Guest blog: Andrew Hillier on Armistice Day and its Aftermath in Treaty Port China

As we approach the 105th anniversary of Armistice Day, Andrew Hillier considers the significance of the ceremony in treaty port China and for Chinese people today.

Held at the Cenotaph in Victoria Park, Tianjin (Tientsin), the Armistice Day parade was ‘the most impressive’ of the imperial celebrations to take place in the treaty port, recalled Brian Power in his memoir of his early life in China.
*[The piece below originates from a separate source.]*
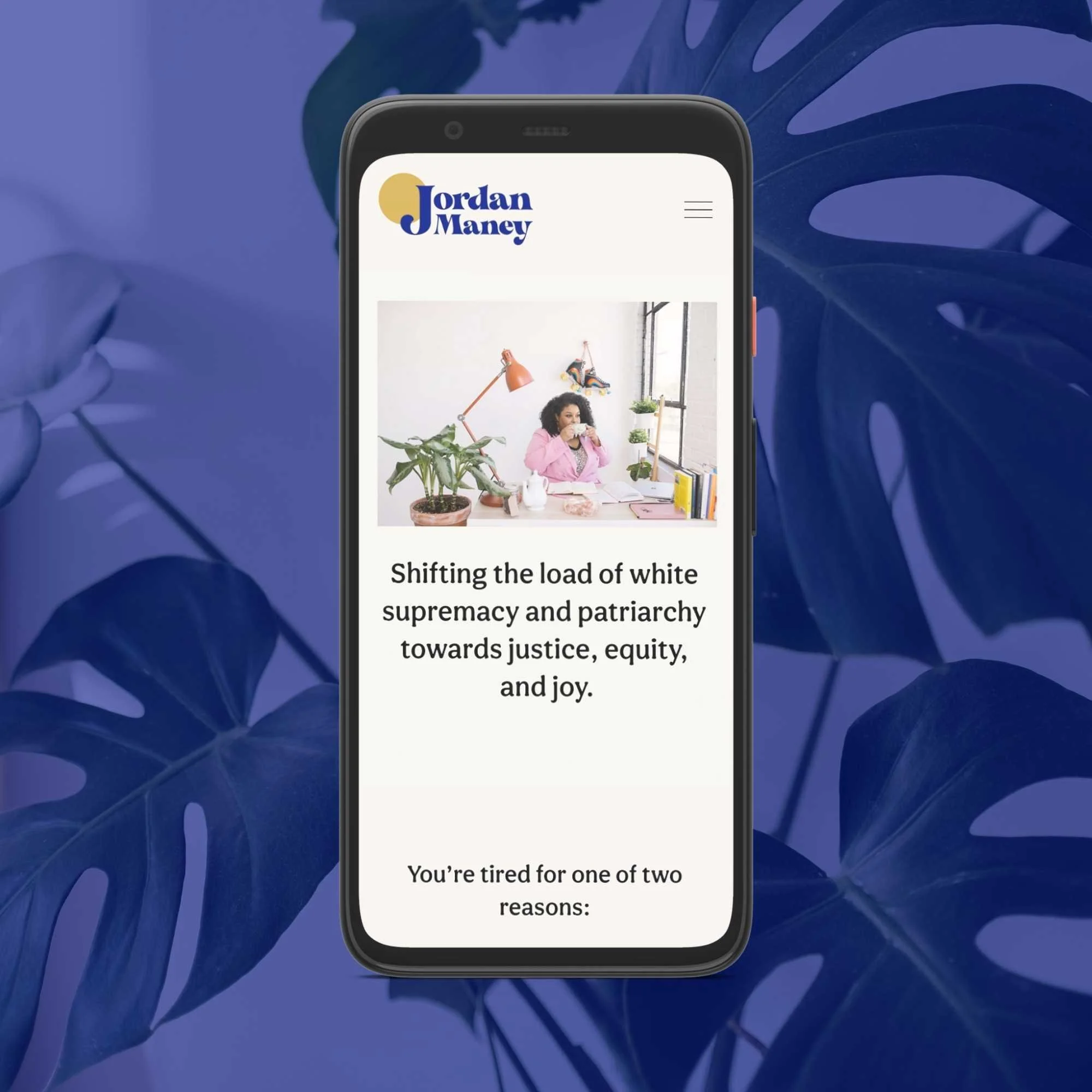 Challenging the patriarchy and white supremacy is hard, so Jordan focuses on joy above all else, and it was so important that her website reflect this.

Modelled on the service in Whitehall, London, the Consul-General (William Pollock Ker) took the place of the King alongside members of the British Municipal Council and behind them, foreign military guests in a variety of uniforms, the French in blue-grey steel helmets, Italians with bright blue sashes and gold epaulettes, Americans with wide-brimmed Stetson hats, and the Japanese with long curved swords. On the other three sides,

a company of British soldiers, sailors from HMS Hollyhock, the Volunteer Corps, members of the British Legion and the Boy Scouts were drawn up … British families, well wrapped up in furs against the cold weather, gathered behind the soldiers, while crowds of curious Chinese watched from outside the railings. [1]

A similar ceremony took place each year in Shanghai, as we see in this image.
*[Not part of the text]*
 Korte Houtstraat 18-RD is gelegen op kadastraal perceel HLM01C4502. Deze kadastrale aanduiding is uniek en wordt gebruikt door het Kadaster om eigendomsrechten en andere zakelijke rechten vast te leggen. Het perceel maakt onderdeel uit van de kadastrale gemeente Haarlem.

Dignitaries at War Memorial, Armistice Day, 1925, Shanghai, Archibald Lang Collection, AL-s24.

The previous year, a special parade had been held in the grounds of the British Consulate, Shanghai, in which the Boy Scouts and Wolf Cubs were inspected by Sir Skinner Turner, as President of the Boy Scouts Association of Shanghai, and Consul-General Sir John Pratt.[2]

Boy Scouts Parade at the British Consulate, Shanghai, on Armistice Day 1924. Left to right: Sir John Thomas Pratt (1876-1970), British Consul-General, Shanghai – Unidentified Royal Navy commander – Sir Skinner Turner (1868-1935), Chief Judge of the British Supreme Court for China from 1921 to 1927 – Sir John Fitzgerald Brenan (1883-1953), British Consul-General, Canton. Archibald Lang Collection, AL-s14.

In Hong Kong, a replica cenotaph was also erected.

Unveiling of the Cenotaph, Statue Square, Hong Kong on Empire Day, 24 May 1923. Billie Love Historical Collection, BL-s012.

Laying wreaths at the Cenotaph, Hong Kong. Jamie Carstairs Collection, JC01-02.

An important event in the imperial calendar, each year, the ceremony would implicitly validate the western presence in China. For the ‘crowds of curious Chinese’, however, it came with a bitter taste. As Robert Bickers says, ‘The Allies would soon start to forget that China had been on their side in the Great War’ and, by November 1919, it was clear that they were not going to honour the undertaking that, in return for providing the Chinese Labour Corps (CLC) for the Western Front, Shandong would be restored to China. Instead, Japan was allowed to occupy the province as a zone of influence. On 4 May, 1919, a mass demonstration of students took place in Peking to protest at the failure of China’s officials at Versailles to secure compliance with the wartime undertaking. What became known as the May Fourth Movement launched ‘a nationwide assault on imperialism and on China’s prevailing culture’ and its anniversary became an important event in China’s narrative of the western presence.[3]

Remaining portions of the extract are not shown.